**SOURCE DATA**.
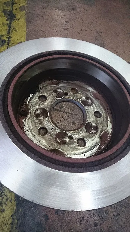 フロントブレーキディスクローター取り外した所、裏面はこのような感じになっております。
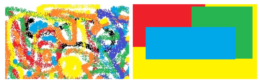 Die Bilddaten eines Farbbildes lassen sich ebenfalls mit der Lauflängencodierung codieren. Betrachte dazu folgende Bilddaten:
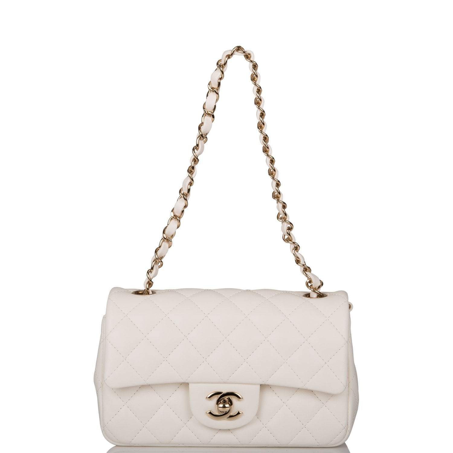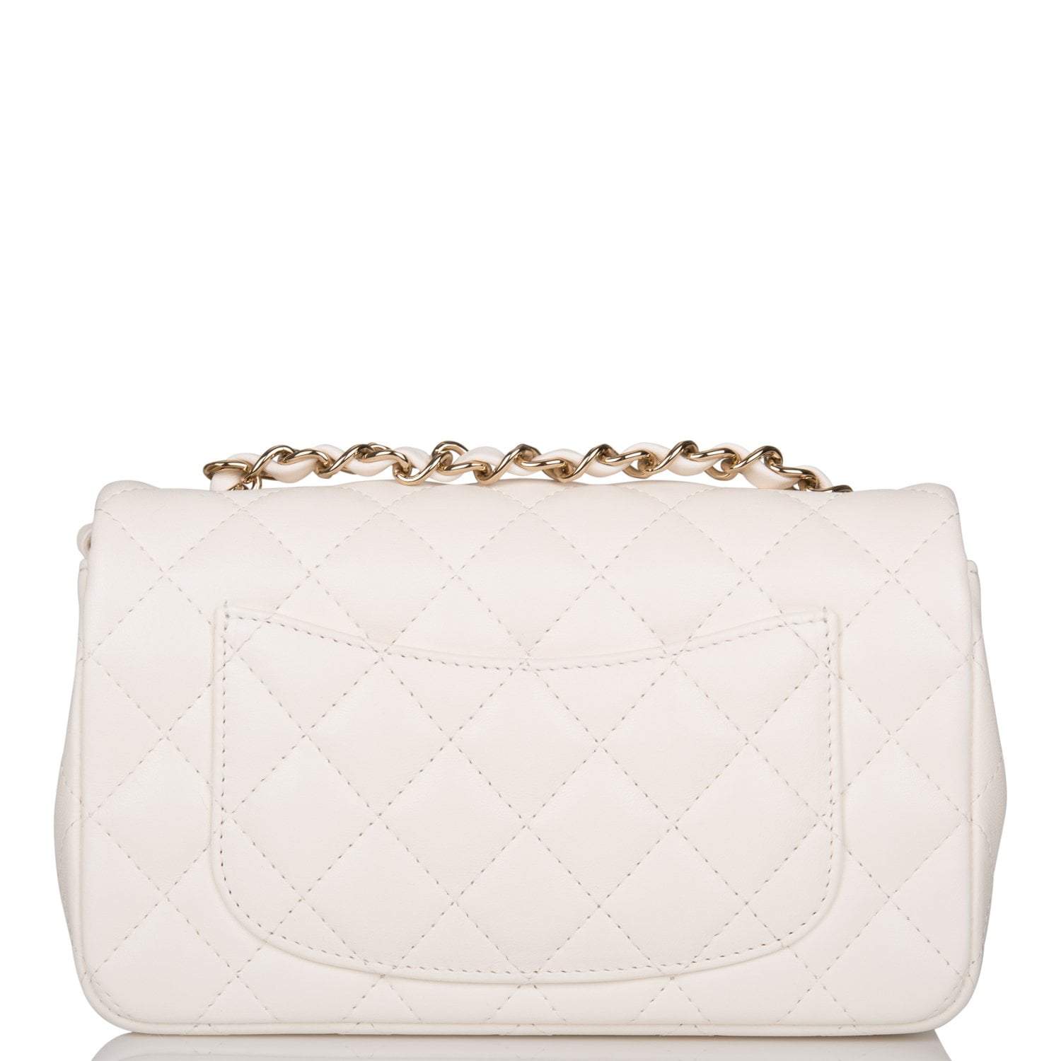 This Mini Rectangular flap bag is of white lambskin leather with light gold tone hardware and has a front flap with signature CC turnlock closure, rear half moon pocket, single interwoven white leather and light gold tone chain link shoulder/crossbody strap.
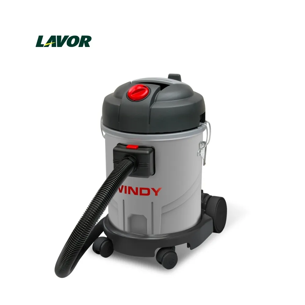 Diseñada para servicios de limpieza en colegios, gimnasios y centros de mantenimiento, la Lavor Windy 120 PF combina aspiración de seco y húmedo en un cuerpo ligero de 8 kg. Su motor by-pass de 1200 W (1400 W máx.) genera 24 kPa de depresión y 65 l/s de caudal, mientras el depósito de polipropileno anti-golpes de 20 L soporta polvo, virutas y derrames sin deformarse.
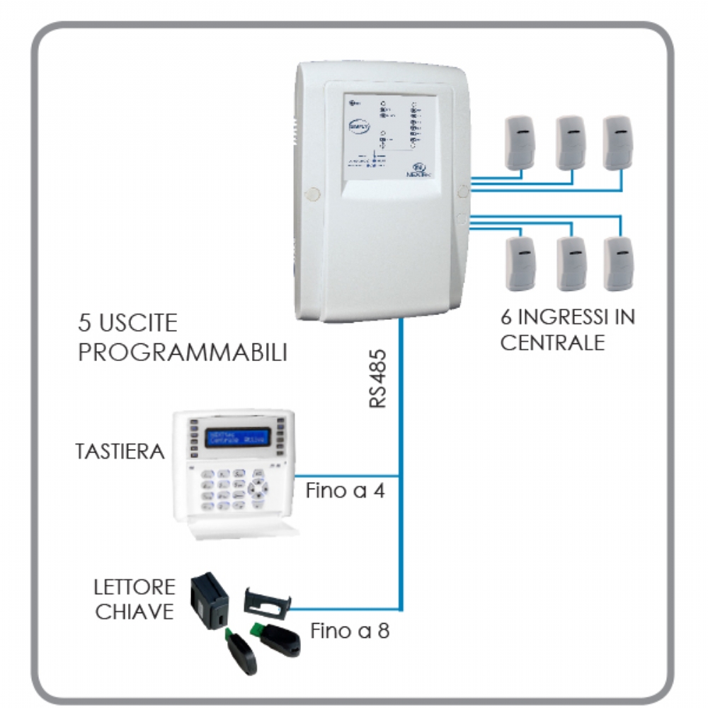 SIMPLY, per le sue prestazioni e per la sua versatilità è la soluzione ideale per applicazioni residenziali e commerciali di piccole dimensioni. Si distingue sia per la programmazione facile ed intuitiva per l’installatore, sia per l’estrema semplicità di utilizzo studiata ad hoc per l’utente. La centrale riconosce automaticamente le periferiche come lettori chiave e tastiere, utilizzati anche per la programmazione, creata per effettuare una gestione semplice e veloce del sistema. Inoltre la Programmazione semplificata tramite DIP SWITCH permette di programmare la centrale anche senza tastiera.
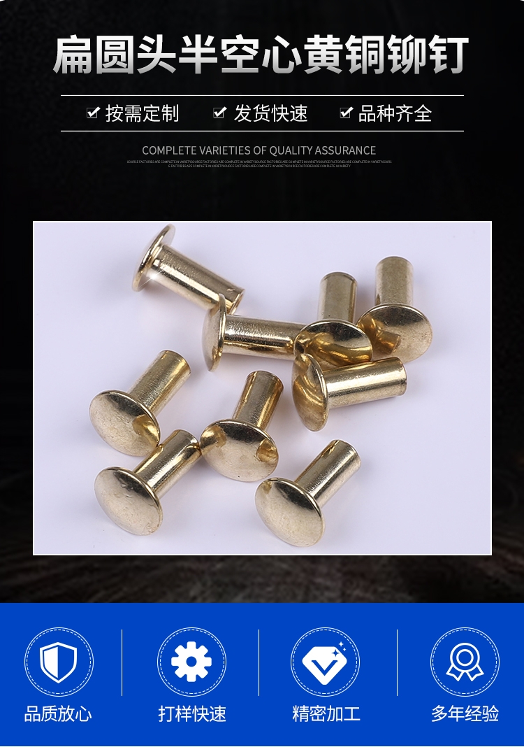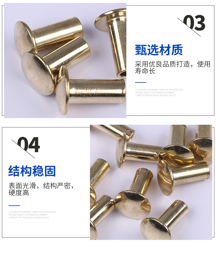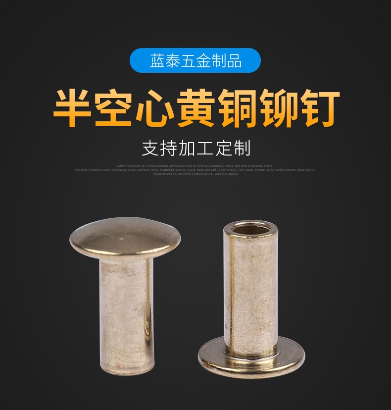 扁圆头半空心铜铆钉 半空心铜铆钉GB873铜铆钉 半空心黄铜铆钉
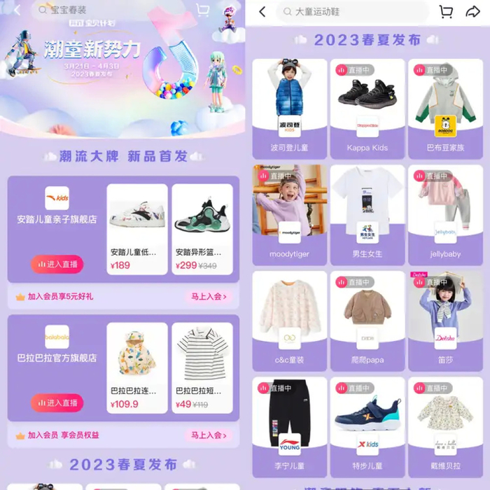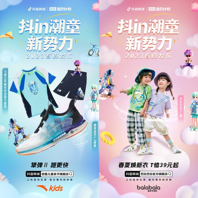 为助力亲子生活行业商家在春夏上新之际精准把握消费趋势,抓住用户换季消费心智,抖音电商于3月21日-4月3日期间上线“抖in宝贝计划·潮童新势力”活动,覆盖亲子春夏服饰、亲子出行、图书教育等不同类目,同时联动安踏儿童、巴拉巴拉等14家知名品牌,率先发布春夏亲子新品,全方位满足亲子购物需求。
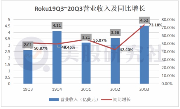 本季度财报数据显示,Roku的季度总营收为4.52亿美元,与去年同期的2.61亿美元相比,同比涨幅达73.18%;上一季度Roku的季度总营收为3.56亿美元,环比上涨26.97%。
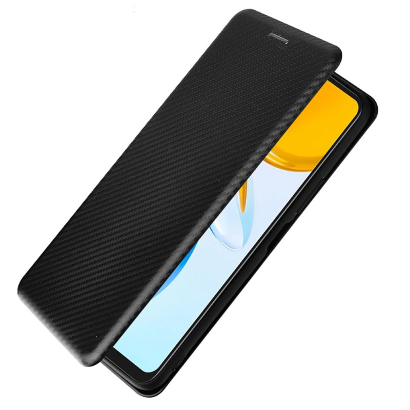 Proteja o seu Honor X7 com estilo com esta sofisticada capa tipo fólio. A sua textura em fibra de carbono oferece uma aderência excecional e resiste às impressões digitais. Proteção dupla robusta, fecho magnético seguro e função de suporte integrada.

**EXERCISE GOAL**. Nothing but the pictures should be left out when the listing above is transcribed.

**ANSWER TO THIS PROBLEM**.
 フロントブレーキディスクローター取り外した所、裏面はこのような感じになっております。
 Die Bilddaten eines Farbbildes lassen sich ebenfalls mit der Lauflängencodierung codieren. Betrachte dazu folgende Bilddaten:
 This Mini Rectangular flap bag is of white lambskin leather with light gold tone hardware and has a front flap with signature CC turnlock closure, rear half moon pocket, single interwoven white leather and light gold tone chain link shoulder/crossbody strap.
 Diseñada para servicios de limpieza en colegios, gimnasios y centros de mantenimiento, la Lavor Windy 120 PF combina aspiración de seco y húmedo en un cuerpo ligero de 8 kg. Su motor by-pass de 1200 W (1400 W máx.) genera 24 kPa de depresión y 65 l/s de caudal, mientras el depósito de polipropileno anti-golpes de 20 L soporta polvo, virutas y derrames sin deformarse.
 SIMPLY, per le sue prestazioni e per la sua versatilità è la soluzione ideale per applicazioni residenziali e commerciali di piccole dimensioni. Si distingue sia per la programmazione facile ed intuitiva per l’installatore, sia per l’estrema semplicità di utilizzo studiata ad hoc per l’utente. La centrale riconosce automaticamente le periferiche come lettori chiave e tastiere, utilizzati anche per la programmazione, creata per effettuare una gestione semplice e veloce del sistema. Inoltre la Programmazione semplificata tramite DIP SWITCH permette di programmare la centrale anche senza tastiera.
 扁圆头半空心铜铆钉 半空心铜铆钉GB873铜铆钉 半空心黄铜铆钉
 为助力亲子生活行业商家在春夏上新之际精准把握消费趋势,抓住用户换季消费心智,抖音电商于3月21日-4月3日期间上线“抖in宝贝计划·潮童新势力”活动,覆盖亲子春夏服饰、亲子出行、图书教育等不同类目,同时联动安踏儿童、巴拉巴拉等14家知名品牌,率先发布春夏亲子新品,全方位满足亲子购物需求。
 本季度财报数据显示,Roku的季度总营收为4.52亿美元,与去年同期的2.61亿美元相比,同比涨幅达73.18%;上一季度Roku的季度总营收为3.56亿美元,环比上涨26.97%。
 Proteja o seu Honor X7 com estilo com esta sofisticada capa tipo fólio. A sua textura em fibra de carbono oferece uma aderência excecional e resiste às impressões digitais. Proteção dupla robusta, fecho magnético seguro e função de suporte integrada.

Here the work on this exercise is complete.